The spirit of Rachel Carson lives on, instilling in the Earth’s human population awareness of its fragile environment and an urgency to protect it from toxins.
Although it’s been 40 years since the publication of her runaway bestseller, “Silent Spring” (1962), Carson remains one of the greatest nature writers of America and one of America’s Top 100 Scientists according to a Time magazine poll.
“The beauty of the living world I was trying to save,” she wrote in a letter to a friend in 1962, “has always been uppermost in my mind — that, and anger at the senseless, brutish things that were being done. I have felt bound by a solemn obligation to do what I could — if I didn’t at least try I could never be happy again in nature. But now I can believe that I have at least helped a little.
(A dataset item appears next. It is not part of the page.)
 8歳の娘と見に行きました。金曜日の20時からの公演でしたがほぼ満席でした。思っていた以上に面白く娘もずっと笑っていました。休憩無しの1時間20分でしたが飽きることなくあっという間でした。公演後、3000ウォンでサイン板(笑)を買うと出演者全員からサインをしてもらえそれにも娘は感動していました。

It would be unrealistic to believe one book could bring a complete change.”

Rachel Carson

A Naturalist Is Born

Born May 27, 1907 in Springdale, Pa., Carson graduated from Pennsylvania College for Women (now Chatham College) in 1929, studied at the Woods Hole Marine Biological Laboratory, and received her master’s degree in zoology from Johns Hopkins University in 1932. While attending the university, she was published in the Baltimore Sun.
She began a 15-year career in federal service as a scientist and editor in 1936 and rose to become editor-in-chief of all publications for the U. S. Fish and Wildlife Service.
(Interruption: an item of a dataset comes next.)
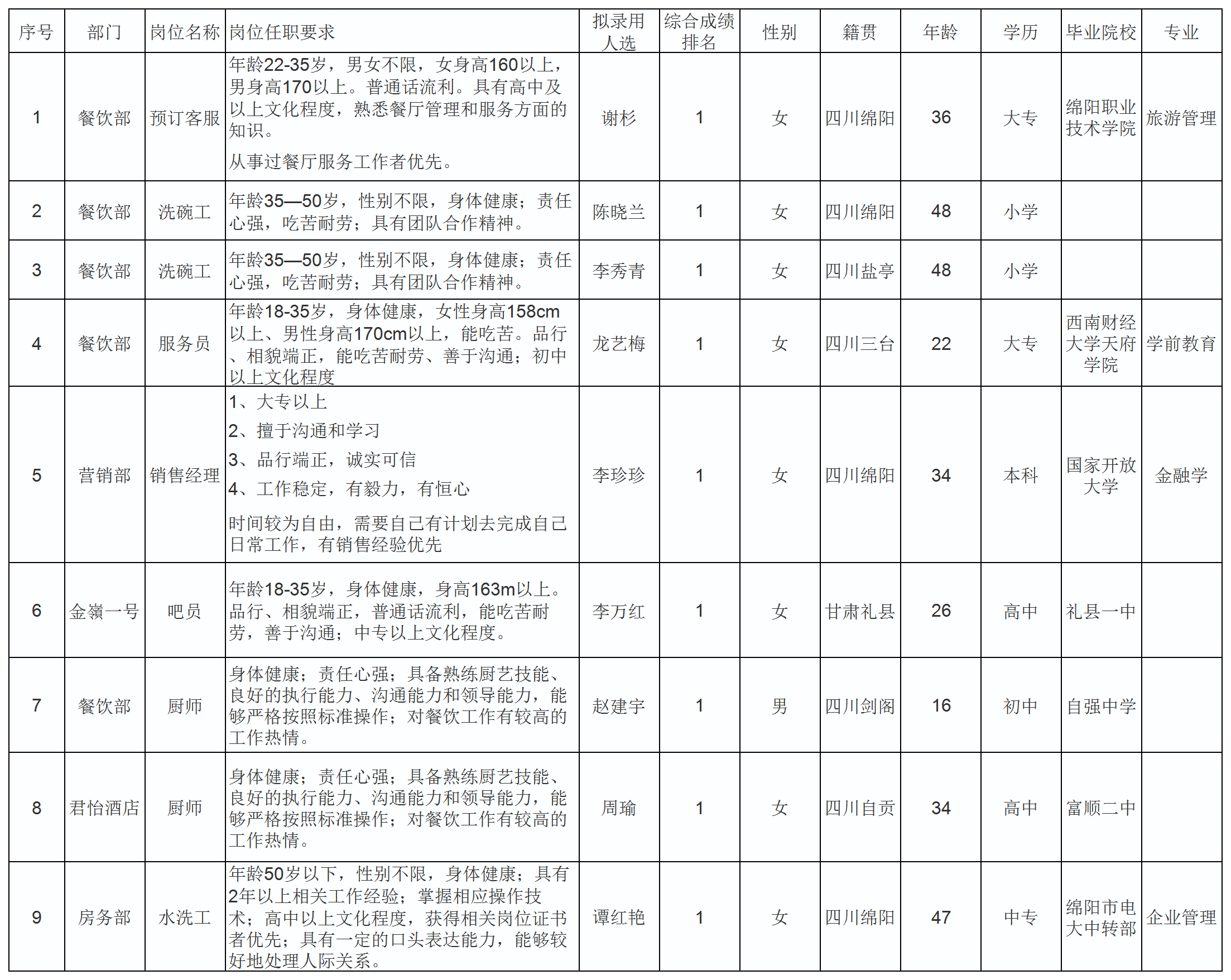 根據(jù)四川長(zhǎng)虹國(guó)際酒店有限責(zé)任公司發(fā)布的招聘公告及招聘相關(guān)規(guī)定,經(jīng)筆試、面試、考察、體檢等程序,擬錄用謝杉等九名同志到長(zhǎng)虹國(guó)際酒店工作,現(xiàn)予以公示,具體情況如下:

Her first book, “Under the Sea Wind” (Oxford University Press 1941), was published just before the Japanese attacked Pearl Harbor. Lost in the tide of war, the book was largely overlooked.
Her next book, “The Sea Around Us” (Oxford University Press 1951), was first serialized in The New Yorker, and caused such a stir that it became a bestseller when finally printed. It was followed by “The Edge of the Sea” (Houghton Mifflin Company 1955) and then by “Silent Spring” (Houghton Mifflin Company 1962).
As early as 1945, Carson had become alarmed by government abuse of chemical pesticides (such as DDT) and pest-control programs that poisoned with little regard for the welfare of other animals.
“The more I learned about the use of pesticides, the more appalled I became,” Carson recalled. “I realized that here was the material for a book. What I discovered was that everything which meant most to me as a naturalist was being threatened, and that nothing I could do would be more important.”
Carson eloquently penned her dire warnings in “Silent Spring”: “There was once a town in the heart of America where all life seemed to live in harmony with its surroundings . . . Then a strange blight crept over the area and everything began to change . . . There was a strange stillness . . . The few birds seen anywhere were moribund; they trembled violently and could not fly. It was a spring without voices.”
In a vile attack to undermine Carson, chemical companies and the U.S. Department of Agriculture had only increased public awareness. “Silent Spring” became a bestseller and is regarded as the cornerstone of the new environmentalism. Sense of Wonder Carson died in 1964 at the age of 56 following a long struggle with breast cancer, but her enduring love and wonder for the universe — and her ability to provoke the same sense in others — was posthumously published in New York.
“The Sense of Wonder,” by Carson with photographs by Charles Pratt (Harper & Row 1965), encourages adults to endow every child with “a sense of wonder so indestructible that it would last throughout life.” Her narrative charts a path for adults and children to take together on a journey of discovery — the same path she took with her grandnephew, Roger, to whom the book is dedicated.

In her book, “The Sense of Wonder,” Carson encourages parents and other adults to overcome their sense of inadequacy when confronting the complex natural world and instead concentrating on how they “feel” instead of what they “know.” “If a child is to keep alive his inborn sense of wonder without any such gift from the fairies, he needs the companionship of at least one adult who can share it, rediscovering with him the joy, excitement and mystery of the world we live in,” she writes. “It is more important to pave the way for the child to want to know than to put him on a diet of facts he is not ready to assimilate.”

What are you waiting for? Go outside and reawaken your own sense of wonder.